An Unpleasant Message

 

    Jason was sitting on the couch playing his guitar next to Chaucer the family cat when he saw his mother opening the day’s mail. He could sense some anxiety in her manner when she gazed upon a single envelope, and he had an instinct of what it might be, what it surely was. But he chose to immerse himself in a zone of musical trance, laying down virgin arpeggios and overlapping scales in a genesis stage of development still barely understood in his young musical mind. Chaucer consumed the improvisation and purred contentedly behind enigmatic eyes. 

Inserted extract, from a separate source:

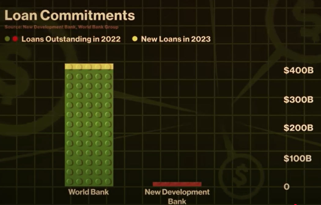 سنة 2014 لما فكرة البريكس اتولدت اتولد معاها بنك خليني أقولك إنه من سنة 2014 لحد سنة 2023 يعني بتتكلم في تسع سنين عطي قروض بقيمة 30 مليار دولار عشان تتعمل مشاريع بنية تحتية ودي حاجة مغرية فشخ لدولة زي مصر مثلاً .. إنتي كمصر عايزة قرض عشان تعملي أي مشروع في دماغك إياكش حتي مشروع قومي لمزارع البط فبدل ما تروحي تاخدي القرض من البنك الدولي أو من صندوق النقد الدولي يفشخك في شروطه فبتاخدي نفس القرض من New Development Bank وبتسددي ثمنه حين ميسرة .. بلاش دي .. لما تيجي تاخد قرض مش حيقولك لازم تاخده بالدولار وترده بالدولار ده انت ممكن تاخده بالجنيه وترده بالجنيه .. وده السبب اللي علشانه سنة 2024 فيه 4 دول تانيين انضموا للبريكس اللي هم مصر والإمارات وأثيوبيا و إيران وعشان كده بقوا بيسموا بريكس اسم سيكسي شوية BRICS+ وأول مرة فرح العمدة ده يقعد مع بعضه كانت في أكتوبر 2024 لما اتعمل مؤتمر البريكس بلاس في مدينة كازان الروسية .. سنة 2025 أندونيسيا انضمت .. يعني البريكس علي الورق هم 10 دول بس رسمياً هم خمسة عشان بس متتخيلش إن بشكل ما مصر ليها صوت قوي في اللي بيحصل .. بس ده مش معناه إن بنك التطوير الجديد ده جامد زحليقة .. كم القروض اللي البنك ده عطاها في سنة 2021 مثلاً تعتبر تلت كم الفلوس اللي طلعها البنك الدولي في نفس السنة.

   Grandma had bought Jason his first guitar for Christmas when he was ten, a nylon-stringed acoustic, like a Spanish flamenco guitar. He had learned folk songs from a songbook, innocently entertaining himself, and then one day he was playing Red River Valley and Goodnight Irene in front of his sister’s girlfriends and they started to cry, entranced by the adorable cuteness of a ten-year-old boy singing love songs. That defining moment seared its way into his heart with this epiphany: Wow, this is like having superpowers! Later he would see Elvis work his magic and then later still, the Beatles, and the force had implanted the seed - this is what I want to do! Sadly, the desire would prove to be a curse as well as a blessing. The emotions this expression stirred up tormented him; perfect masteries always teased him, perpetually out of reach.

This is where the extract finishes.